▸ Record set
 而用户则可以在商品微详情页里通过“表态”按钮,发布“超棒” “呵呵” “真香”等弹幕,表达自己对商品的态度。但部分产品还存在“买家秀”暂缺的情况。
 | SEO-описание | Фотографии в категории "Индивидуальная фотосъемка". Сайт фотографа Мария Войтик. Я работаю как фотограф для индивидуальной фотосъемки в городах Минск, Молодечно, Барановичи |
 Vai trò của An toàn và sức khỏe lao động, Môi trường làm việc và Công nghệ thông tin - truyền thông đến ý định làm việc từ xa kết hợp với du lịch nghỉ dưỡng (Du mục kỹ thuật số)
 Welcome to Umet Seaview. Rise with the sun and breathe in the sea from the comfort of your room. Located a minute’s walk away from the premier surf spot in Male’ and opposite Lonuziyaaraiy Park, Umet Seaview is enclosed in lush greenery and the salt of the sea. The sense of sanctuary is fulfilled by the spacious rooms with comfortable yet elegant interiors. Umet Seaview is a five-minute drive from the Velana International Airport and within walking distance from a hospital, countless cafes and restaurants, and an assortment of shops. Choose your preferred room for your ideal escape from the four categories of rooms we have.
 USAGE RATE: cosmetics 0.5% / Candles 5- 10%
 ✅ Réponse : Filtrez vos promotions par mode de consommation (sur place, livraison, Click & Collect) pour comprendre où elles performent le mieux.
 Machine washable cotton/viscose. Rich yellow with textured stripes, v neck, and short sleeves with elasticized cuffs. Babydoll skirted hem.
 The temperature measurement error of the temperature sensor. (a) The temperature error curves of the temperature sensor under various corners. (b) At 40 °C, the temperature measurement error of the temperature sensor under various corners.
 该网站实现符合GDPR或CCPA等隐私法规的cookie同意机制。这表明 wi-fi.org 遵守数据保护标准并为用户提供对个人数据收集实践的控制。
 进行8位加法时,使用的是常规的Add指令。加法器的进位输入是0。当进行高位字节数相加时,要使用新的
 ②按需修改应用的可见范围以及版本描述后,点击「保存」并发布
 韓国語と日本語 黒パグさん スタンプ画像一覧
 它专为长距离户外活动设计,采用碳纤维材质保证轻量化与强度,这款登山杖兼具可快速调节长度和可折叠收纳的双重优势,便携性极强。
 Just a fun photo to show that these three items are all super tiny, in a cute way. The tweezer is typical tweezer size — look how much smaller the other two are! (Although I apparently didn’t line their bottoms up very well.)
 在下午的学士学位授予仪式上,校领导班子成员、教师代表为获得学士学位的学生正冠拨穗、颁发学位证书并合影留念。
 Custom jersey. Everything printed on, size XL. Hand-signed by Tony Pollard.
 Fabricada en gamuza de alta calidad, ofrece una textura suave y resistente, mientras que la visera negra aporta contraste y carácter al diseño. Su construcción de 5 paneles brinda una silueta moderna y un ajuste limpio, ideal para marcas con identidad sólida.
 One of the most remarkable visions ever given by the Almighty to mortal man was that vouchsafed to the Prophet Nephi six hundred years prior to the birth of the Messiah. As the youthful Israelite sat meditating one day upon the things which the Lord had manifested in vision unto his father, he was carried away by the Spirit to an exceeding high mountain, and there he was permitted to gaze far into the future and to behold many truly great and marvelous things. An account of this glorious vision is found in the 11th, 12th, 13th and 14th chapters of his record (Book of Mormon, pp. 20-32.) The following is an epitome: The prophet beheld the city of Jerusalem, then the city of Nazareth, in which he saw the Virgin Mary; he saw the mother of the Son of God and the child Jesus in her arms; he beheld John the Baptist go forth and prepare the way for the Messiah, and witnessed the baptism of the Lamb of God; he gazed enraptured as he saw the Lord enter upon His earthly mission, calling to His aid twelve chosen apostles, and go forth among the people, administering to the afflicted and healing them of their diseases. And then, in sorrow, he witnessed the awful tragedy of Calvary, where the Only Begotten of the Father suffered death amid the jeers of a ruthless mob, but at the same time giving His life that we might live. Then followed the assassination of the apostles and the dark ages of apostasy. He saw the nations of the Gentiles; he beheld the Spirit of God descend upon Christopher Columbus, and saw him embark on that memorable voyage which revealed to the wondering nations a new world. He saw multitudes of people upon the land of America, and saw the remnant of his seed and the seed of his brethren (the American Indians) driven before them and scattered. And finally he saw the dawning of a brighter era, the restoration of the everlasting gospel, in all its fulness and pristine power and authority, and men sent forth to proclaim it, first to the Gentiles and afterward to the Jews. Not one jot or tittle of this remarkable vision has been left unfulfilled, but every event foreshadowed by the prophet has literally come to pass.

▸ Activity
Return the whole listing, word for word.

▸ Completed exercise
 而用户则可以在商品微详情页里通过“表态”按钮,发布“超棒” “呵呵” “真香”等弹幕,表达自己对商品的态度。但部分产品还存在“买家秀”暂缺的情况。
 | SEO-описание | Фотографии в категории "Индивидуальная фотосъемка". Сайт фотографа Мария Войтик. Я работаю как фотограф для индивидуальной фотосъемки в городах Минск, Молодечно, Барановичи |
 Vai trò của An toàn và sức khỏe lao động, Môi trường làm việc và Công nghệ thông tin - truyền thông đến ý định làm việc từ xa kết hợp với du lịch nghỉ dưỡng (Du mục kỹ thuật số)
 Welcome to Umet Seaview. Rise with the sun and breathe in the sea from the comfort of your room. Located a minute’s walk away from the premier surf spot in Male’ and opposite Lonuziyaaraiy Park, Umet Seaview is enclosed in lush greenery and the salt of the sea. The sense of sanctuary is fulfilled by the spacious rooms with comfortable yet elegant interiors. Umet Seaview is a five-minute drive from the Velana International Airport and within walking distance from a hospital, countless cafes and restaurants, and an assortment of shops. Choose your preferred room for your ideal escape from the four categories of rooms we have.
 USAGE RATE: cosmetics 0.5% / Candles 5- 10%
 ✅ Réponse : Filtrez vos promotions par mode de consommation (sur place, livraison, Click & Collect) pour comprendre où elles performent le mieux.
 Machine washable cotton/viscose. Rich yellow with textured stripes, v neck, and short sleeves with elasticized cuffs. Babydoll skirted hem.
 The temperature measurement error of the temperature sensor. (a) The temperature error curves of the temperature sensor under various corners. (b) At 40 °C, the temperature measurement error of the temperature sensor under various corners.
 该网站实现符合GDPR或CCPA等隐私法规的cookie同意机制。这表明 wi-fi.org 遵守数据保护标准并为用户提供对个人数据收集实践的控制。
 进行8位加法时,使用的是常规的Add指令。加法器的进位输入是0。当进行高位字节数相加时,要使用新的
 ②按需修改应用的可见范围以及版本描述后,点击「保存」并发布
 韓国語と日本語 黒パグさん スタンプ画像一覧
 它专为长距离户外活动设计,采用碳纤维材质保证轻量化与强度,这款登山杖兼具可快速调节长度和可折叠收纳的双重优势,便携性极强。
 Just a fun photo to show that these three items are all super tiny, in a cute way. The tweezer is typical tweezer size — look how much smaller the other two are! (Although I apparently didn’t line their bottoms up very well.)
 在下午的学士学位授予仪式上,校领导班子成员、教师代表为获得学士学位的学生正冠拨穗、颁发学位证书并合影留念。
 Custom jersey. Everything printed on, size XL. Hand-signed by Tony Pollard.
 Fabricada en gamuza de alta calidad, ofrece una textura suave y resistente, mientras que la visera negra aporta contraste y carácter al diseño. Su construcción de 5 paneles brinda una silueta moderna y un ajuste limpio, ideal para marcas con identidad sólida.
 One of the most remarkable visions ever given by the Almighty to mortal man was that vouchsafed to the Prophet Nephi six hundred years prior to the birth of the Messiah. As the youthful Israelite sat meditating one day upon the things which the Lord had manifested in vision unto his father, he was carried away by the Spirit to an exceeding high mountain, and there he was permitted to gaze far into the future and to behold many truly great and marvelous things. An account of this glorious vision is found in the 11th, 12th, 13th and 14th chapters of his record (Book of Mormon, pp. 20-32.) The following is an epitome: The prophet beheld the city of Jerusalem, then the city of Nazareth, in which he saw the Virgin Mary; he saw the mother of the Son of God and the child Jesus in her arms; he beheld John the Baptist go forth and prepare the way for the Messiah, and witnessed the baptism of the Lamb of God; he gazed enraptured as he saw the Lord enter upon His earthly mission, calling to His aid twelve chosen apostles, and go forth among the people, administering to the afflicted and healing them of their diseases. And then, in sorrow, he witnessed the awful tragedy of Calvary, where the Only Begotten of the Father suffered death amid the jeers of a ruthless mob, but at the same time giving His life that we might live. Then followed the assassination of the apostles and the dark ages of apostasy. He saw the nations of the Gentiles; he beheld the Spirit of God descend upon Christopher Columbus, and saw him embark on that memorable voyage which revealed to the wondering nations a new world. He saw multitudes of people upon the land of America, and saw the remnant of his seed and the seed of his brethren (the American Indians) driven before them and scattered. And finally he saw the dawning of a brighter era, the restoration of the everlasting gospel, in all its fulness and pristine power and authority, and men sent forth to proclaim it, first to the Gentiles and afterward to the Jews. Not one jot or tittle of this remarkable vision has been left unfulfilled, but every event foreshadowed by the prophet has literally come to pass.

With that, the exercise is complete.